Gene expression predicts ALL drug resistance

Related tags Dna Gene expression

US researchers have discovered a specific pattern of gene
expression linked to multiple-drug resistance of leukaemia cells is
giving unique insights into why standard therapies fail to cure
some children with acute lymphoblastic leukaemia (ALL). The
findings could lead to development of drugs that would overcome
that resistance.

Currently, 20 per cent of children with ALL do not respond to the same drug therapy that cures the remaining 80 per cent. ALL afflicts 4 out of every 100 000 children worldwide. In the UK there are approximately 450 cases per year.

Drug resistance is a major cause of treatment failure, and the biochemical mechanisms responsible for de novo resistance are largely unknown. De novo resistance means that the resistance is "built into" the leukaemia cells through a particular pattern of gene expression, rather than acquired through genetic mutation during treatment. Cross-resistance to multiple drugs suggests a poor prognosis and likely involves biochemical mechanisms that are different from those linked to single-drug resistance.

The investigators at St. Jude Children's Research Hospital, identified the specific pattern of gene expression in ALL cells linked to de novo cross-resistance to four widely used antileukemic agents, and to determine how those genes affected treatment outcome.

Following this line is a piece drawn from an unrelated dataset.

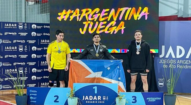 En el cuarto día de los Juegos Argentinos de Alto Rendimiento que se realizan en Rosario, el luchador Horacio Miranda, aportó la tercera presea a la delegación de Tierra del Fuego. Logró la medalla de oro en lucha grecorromana (hasta 77 kilos).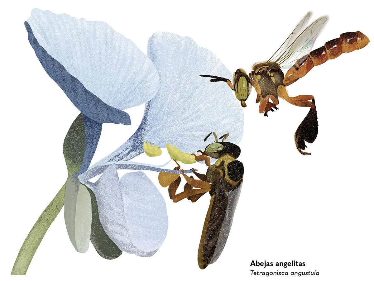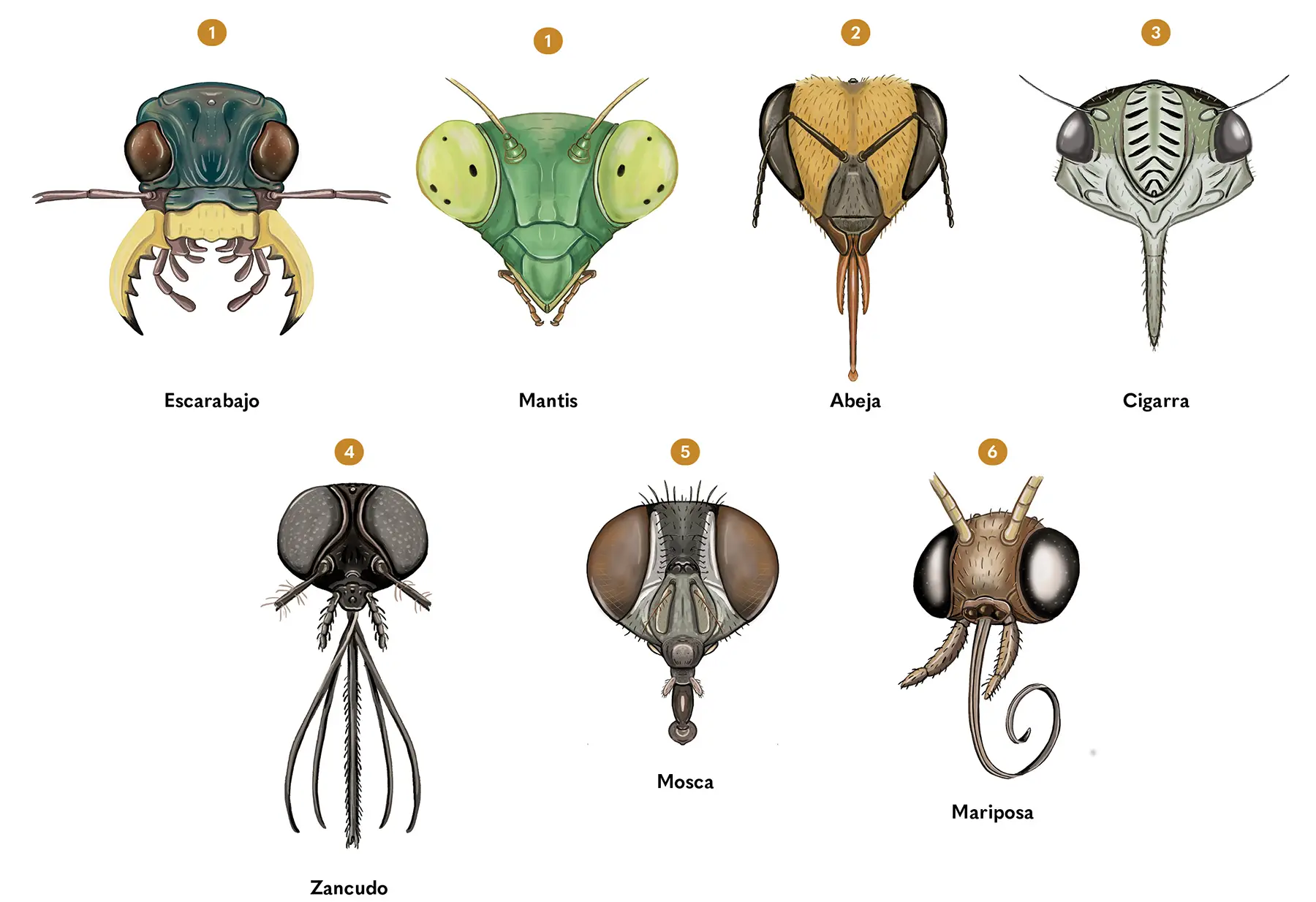 Los aparatos bucales de los insectos nos cuentan cómo y de qué se alimentan. Cuando el alimento es sólido, aquellos son de tipo masticador, con mandíbulas a cada lado de la cabeza para pellizcar y cortar el alimento (1), como en los grillos, las mantis religiosas, las avispas y los escarabajos. Algunos como las abejas tienen, además, una lengua para consumir líquidos (2). Los insectos chupadores se alimentan de líquidos y tienen las piezas bucales transformadas para sorber o chupar. En el caso de las cigarras (3) y los zancudos (4), las partes bucales les sirven para perforar y succionar el alimento. La mayoría de las moscas, en cambio, chupan sustancias líquidas sin perforar las superficies (5), y las mariposas chupan a través de un largo canal, la espiritrompa, que enrollan y extienden para alimentarse (6).

"The identification of a particular genetic expression pattern linked to cross-resistance takes us a significant step forward in understanding why treatment fails to cure certain children who initially looked like good candidates for standard chemotherapy,"​ said William Evans, St. Jude's director.

"The results also give us crucial information into treatment failure that could help us design more effective treatments for the children our current treatment strategies fail to cure,"​ he added.

The latest study was designed to assess gene expression levels in ALL cells. Researchers identified 45 genes closely linked to leukaemia cells' ability to resist treatment by at least two of the most widely used antileukemic drugs.

The drugs tested were prednisolone, vincristine, asparaginase and daunorubicin. The team also identified 139 genes that are closely linked to a previously unknown and unexpected type of drug resistance in which leukaemia cells are resistant to asparaginase (ASP) but sensitive to vincristine (VCR). This "discordant" type of resistance (resistance to one drug and sensitivity to another) was associated with a poor response in children who had this pattern of gene expression.

Cross-resistant patients had significantly worse outcomes as a group. Among patients whose ALL cells were cross resistant, only 53 per cent had a five-year, relapse-free survival compared to 91 per cent of those whose ALL cells were cross-sensitive to all the drugs.

Among patients whose ALL cells were ASP-sensitive plus VCR-resistant, the five-year, relapse-free survival rate was 93 per cent, compared to 56 per cent among patients whose ALL cells were VCR sensitive and ASP resistant. The genes linked to discordant resistance included many that are involved with the function of ribosomes, the cell's protein-making factories.

"This discordant resistance has not previously been described by other researchers,"​ said Meyling Cheok, one of the postdoctoral fellows who did much of the work on this project.

"The fact that it is associated with genes involved with protein synthesis gives us an important clue to the basis of this type of drug resistance,"​ he said.

The report on the study that produced this new information appears in the April issue of Cancer Cell.